Under the program, known as Temporary Protected Status, Salvadorans who have been in the United States since Feb. 13, the date of the second earthquake, can
apply for work permits lasting until September 2002.

The Salvadoran government estimates that a quarter-million immigrants may eventually apply, about 15 percent of them from the Washington area, which has the
nation's second-biggest Salvadoran community.

The flood of applicants reflects the large number of Salvadorans who have poured into the United States, many undocumented, in the decade since the benefit was
extended to Salvadoran immigrants who fled during the 1980-92 civil war. Census figures released yesterday show 11,741 people of Salvadoran ancestry in the
District, an increase of about 10 percent in a decade. Figures for the rest of the Washington area are not yet available.

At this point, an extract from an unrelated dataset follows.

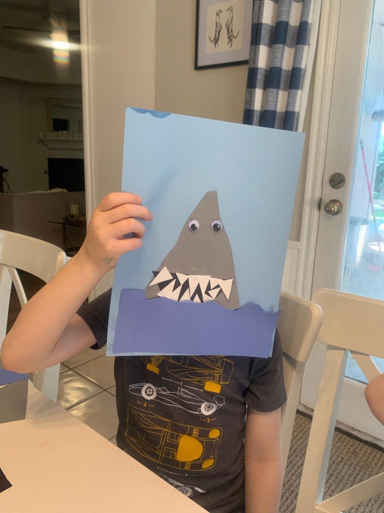 Today the craft was cute little cut and stick shark in the ocean. I’d originally seen the idea here, but had too adapt it slightly because even when we’re not in a pandemic, I don’t have spare newspaper lying around the house. I wish I did though, in my dream world I get the Times delivered every morning, and I read it, with coffee, alone. Then mull world events whilst eating a croissant or something. Instead I actually get my world news from alerts on my Apple Watch, which is too teeny to read properly, whilst picking Fritos off the floor that my children have scattered.

The high turnout for the work-permit program also reflects how the growing population of immigrants is prompting a new form of cross-border politics.

Embassy officials estimated that the Salvadoran immigrants would send nearly $2 billion back to their country this year, the equivalent of 13 percent of El Salvador's
domestic output. "The government has realized that getting [some kind of] legalization for undocumented people helps the Salvadoran economy," Torres said.

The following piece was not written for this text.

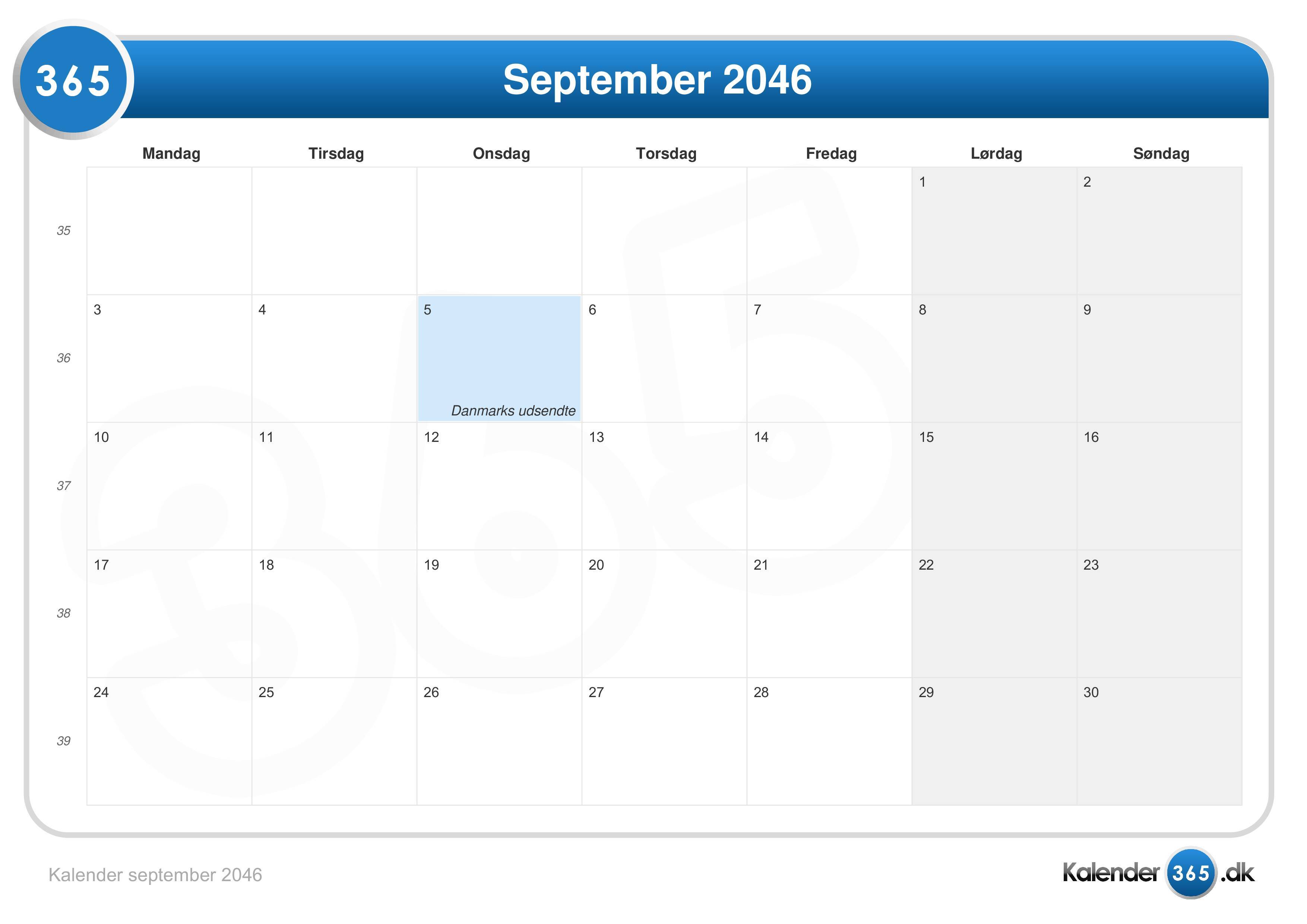 Med denne september 2046 kalender kan du hurtigt se, hvornår du fx har ferie.

To urge its expatriate citizens to take advantage of the new work-permit program, the Salvadoran government has launched a media blitz in the United States. It set
up a toll-free hot line, met with community groups and distributed 300,000 Spanish-language guides -- complete with comic-book illustrations for those with little
education -- to explain the U.S. program. Back home, the government has urged Salvadorans to spread the word to relatives in the United States.

Several immigrants who were applying this week through Carecen, a social service agency in Columbia Heights, agreed that the work program would make a big
difference in the lives of their families, both here and in El Salvador.

David Martinez, 35, a husky Salvadoran with long hair cascading over a faded T-shirt, plays guitar at birthdays and baptisms in the Washington area. But since
sneaking over the U.S. border eight years ago, he hasn't been able to apply for a steadier job.

"This is the beginning of living well in this country," Martinez said. The work permit, he said, will enable him to get a better-paying construction job.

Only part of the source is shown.